Miłość i chemia
Dodane przez Maria dnia 01.02.2009 15:27
Dziś mówią, że nie ma miłości prawdziwej,
że chemia działa na wszystko,
chcąc sprawdzić by dowieść czy to jest możliwe
realnie przedstawić zjawisko
musiałam się cofnąć do Mendelejewa,
poszperać w protonach i w molach,
w tablicach wymacać co piszczy w szeregach,
gdzie kryją się moce Amora.

Podstępnie wybrałam metodę i miejsce
na randkę iść z każdym pierwiastkiem
który z nich porazić potrafi że zechcę,

że choćby miłości namiastkę...

Od grupy zerowej zaczęłam wybierać
hel, neon, tu argon, tam krypton
odpuszczam już xenon i radon o psia mać!
To gazy.

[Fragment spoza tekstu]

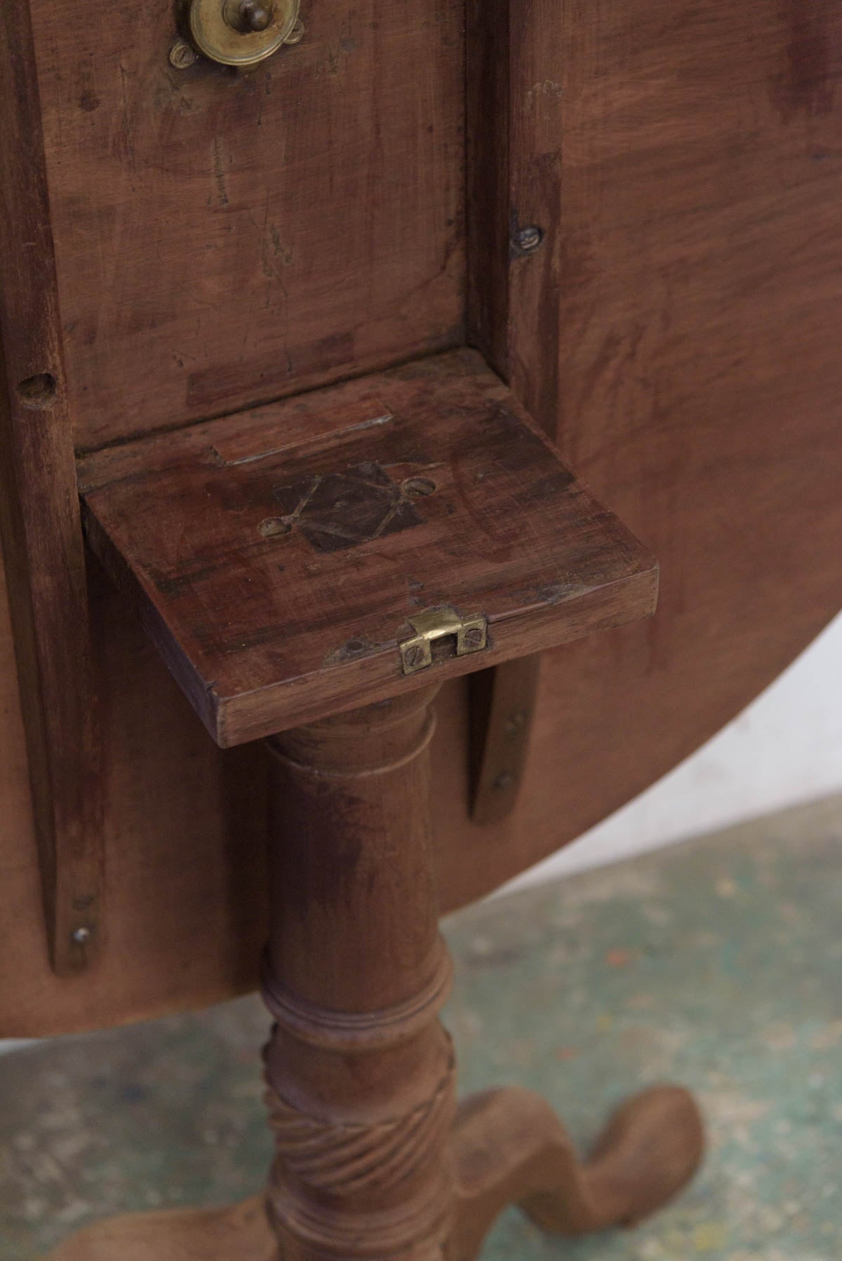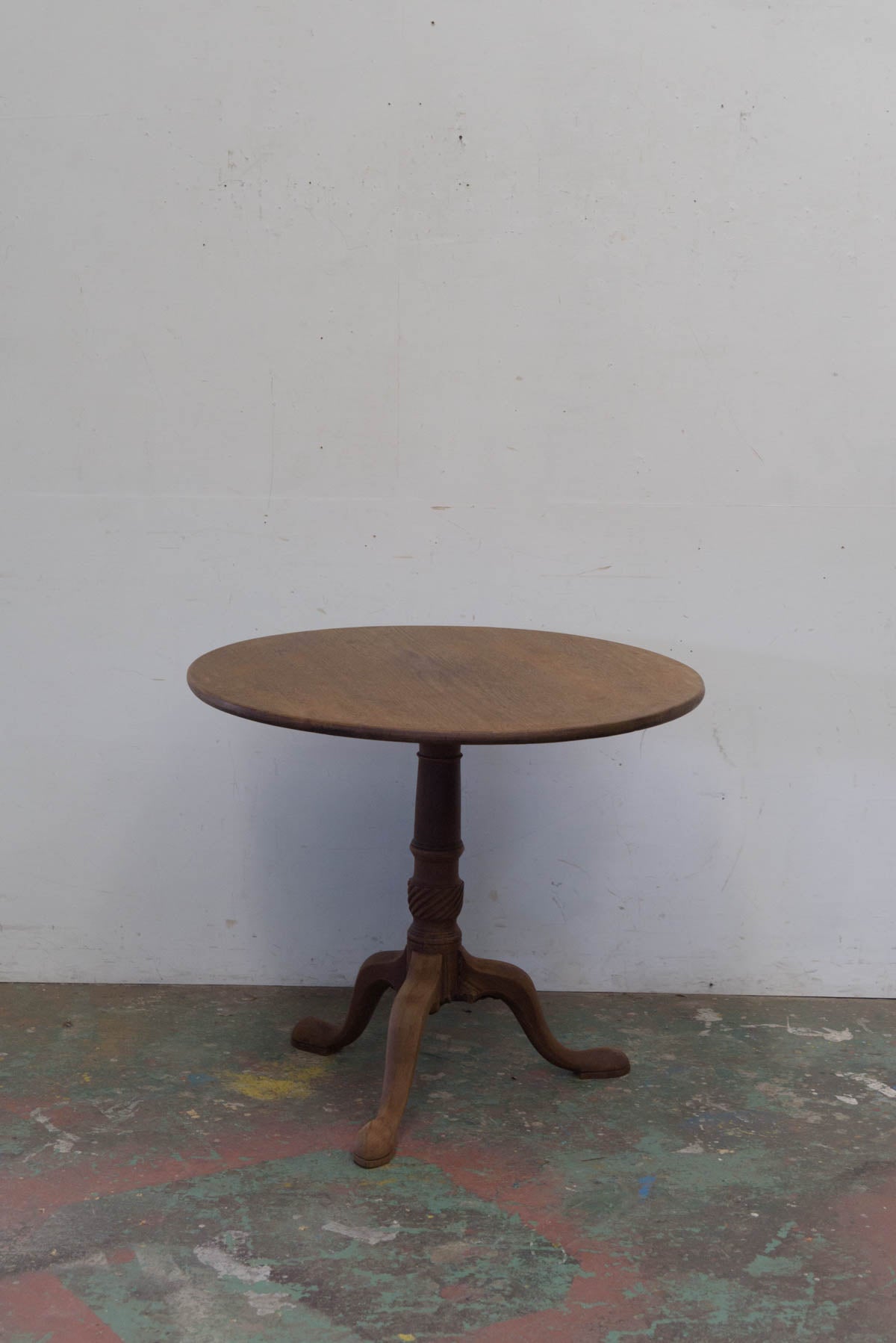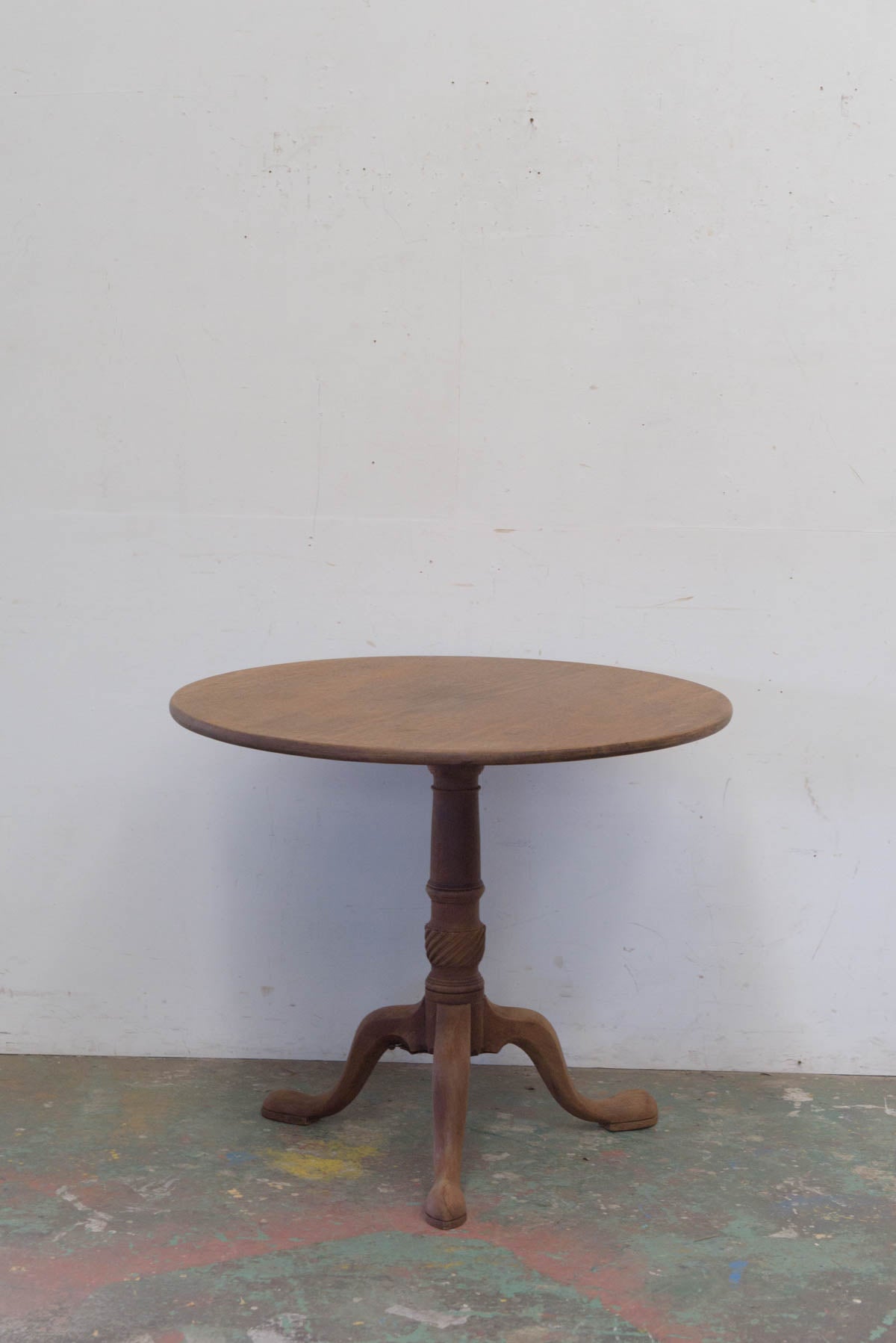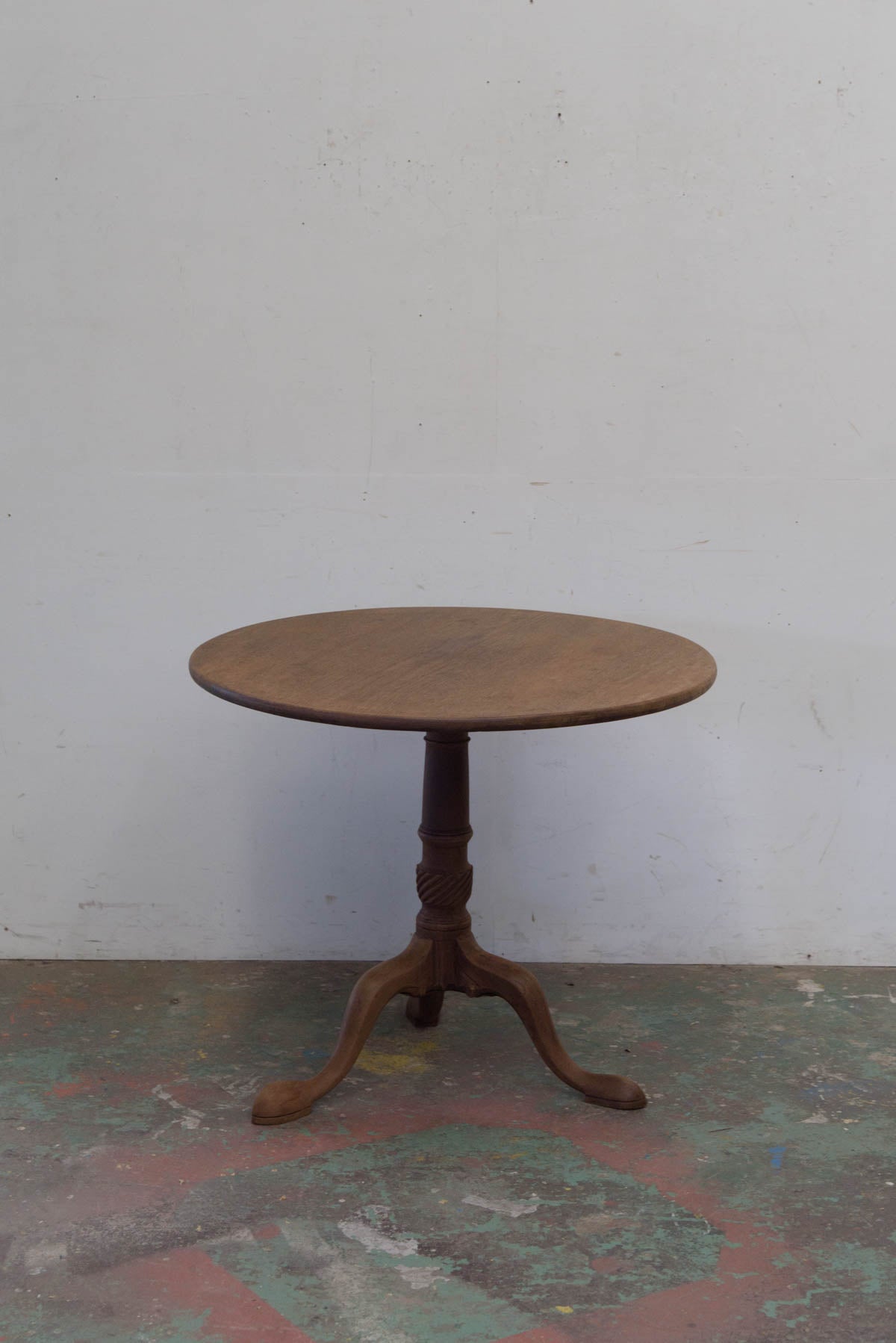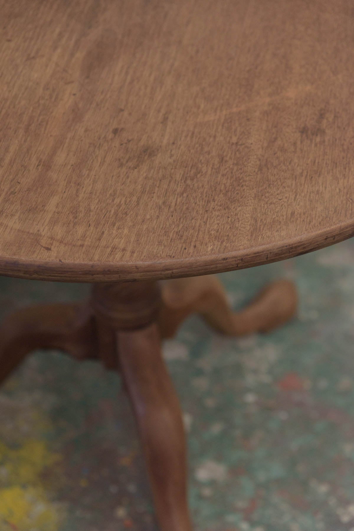 1900年代前半の家具です。真鍮のボタンでロックを外すと天板が立ち上がります。ヨーロッパではワインテーブルと呼ばれ、来客用としてサロンや居間で使用されていました。古い天板の質感が良いので立ち上げた状態でも絵になります。飲食店などの補助的なテーブルとしても。畳む必要のない場合は、ビスでの天板固定も承ります。

Tu pachnie mi kryptą.

Więc skaczę do szóstej gdzie tlen umieszczony
tam polon i siarka, poza tym
molibden z wolframem i tellur z cyrkonem
pod tlenem zaś selen zdziwiony.

A selen ma kolor zielony i symbol chemiczny es e
zielony jest jak twoje oczy, zielony jak oczy twe.

W selenie dojrzałam twój uśmiech przelotny,
a oddech wyczułam twój w tlenie
ni srebro, ni złoto, to wszystko głupoty

Twój uśmiech jest iskrą codziennie.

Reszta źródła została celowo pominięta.